Cocker Spaniel, photo Katrina_S
Extracts from Chapter 6 of Bill Clark's autobiography 'Route and Branch'
Full reading available here as a podcast: 
https://archive.org/download/jake-cockerspaniel-gearboxes-epping-forest/Ch6d-Jake-cockerspaniel-gearboxes-epping-forest.mp3

On Christmas day, our gamekeeper came knocking on the door. ‘Happy Christmas Bill,’ he said, and handed me the lead of his liver and white Cocker Spaniel, Jake. Confused, I said, ‘Well, yes, I am sure we can look after him, where are you going?’ He laughed, and said, ‘I’m not going anywhere, he’s yours; Wendy has bought him for you.’ I was a member of Jim’s small ‘shoot’, and knew of young Jake, the biggest and bravest of the keeper’s four dogs, and the occasional misbehaviour when working – which I believed to be due to the way his master handled him. Wendy had obviously thought I could soon put Jake to rights, and this would go some way, to make up for my loss of Julie as a gun dog! Jake and I exchanged enthusiastic greetings, and every spare moment from then on, was taken up in training.

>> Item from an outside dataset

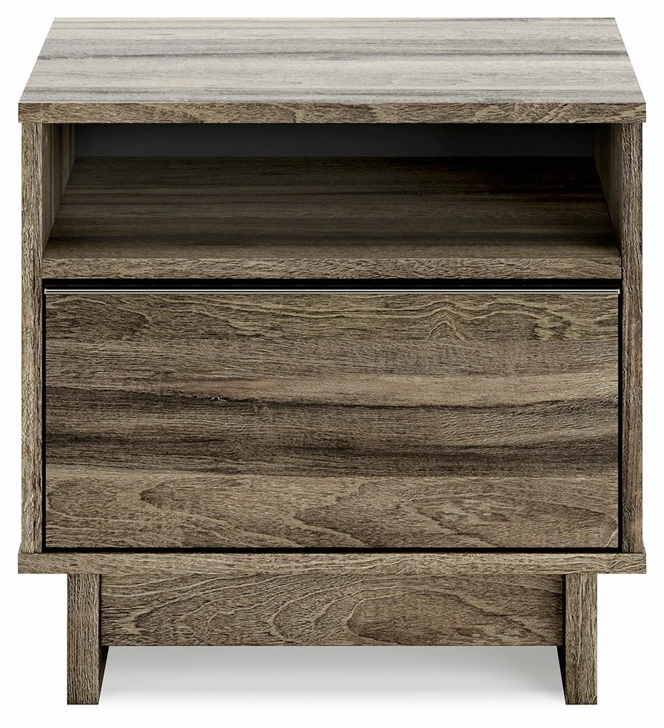 Your modern sanctuary is within reach. The subtle design of this nightstand is accented with a low profile base. Its weathered brown finish is complemented with refined champagne-colored handles on the smooth-gliding drawers. An open shelf provides additional bedside storage.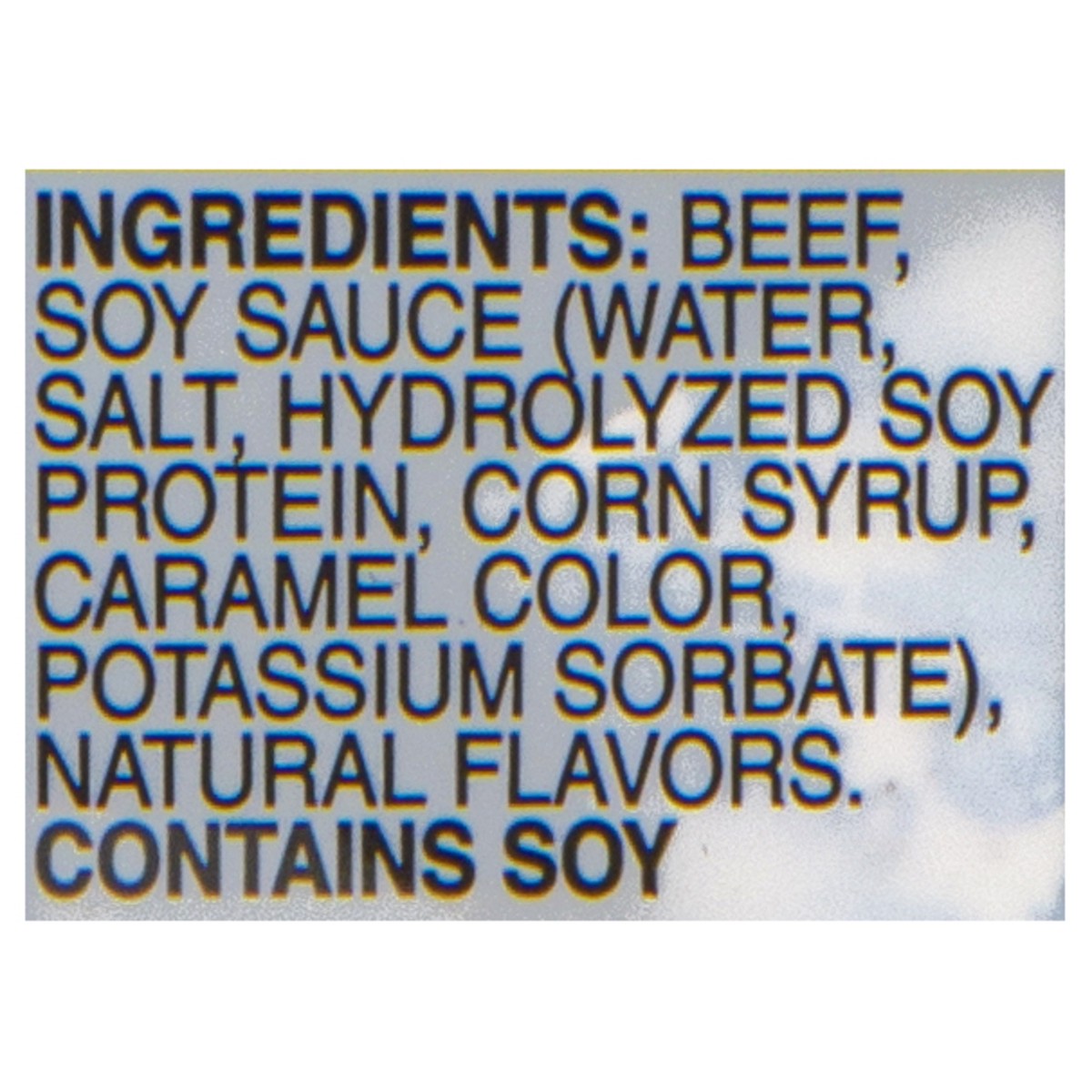 Beef, Soy Sauce (Water, Salt, Hydrolyzed Soy Protein, Corn Syrup, Caramel Color, Potassium Sorbate), Natural Flavors.

The following autumn I was invited to beat for a prestigious shoot, and specifically asked by the head gamekeeper, to take Jake. The first ‘drive’ was heavy going, but Jake obeyed every whistle, and the pheasants flew forward at an increasing rate to the finish. The second drive was through mature woodland and open ground, but I was asked to take Jake into some very dense bramble patches. None of this made any difference to Jake, he crashed through like a, ‘hot knife through butter’, as the head keeper, so nicely put it. Then suddenly, silence; and in answer to my shouted queries, no one else could see him either. My heart sank! This was the behaviour that had made his previous owner angry. I traipsed around in the wood when the drive was over, whistling and calling, but no sign of him. I reluctantly joined in the drive through the next wood, still giving my ‘Come to heel’ whistle from time to time, much to the amusement of the beaters who had been in the know as to, ‘Jake’s wonderful improvement.’

Despite a sudden flurry of shots up ahead, I gloomily kept in line, whistling ever louder and more frequently, with the odd call from nearby grinning beaters. ‘Sounds as if Jake is pulling out all the stops,’ or, ‘Don’t look so worried Bill, he is making up for lost time.’ As we neared the end I could hear frustrated and angry voices, ‘Who’s damned dog is that, get it out of there.’ ‘That blasted dog, has just retrieved my bird.’ And as I burst through the hedge at the end, one called out, ‘If you can’t catch the b***** thing, shoot it!’ I gave a desperate shout, ‘HEEL JAKE,’ ...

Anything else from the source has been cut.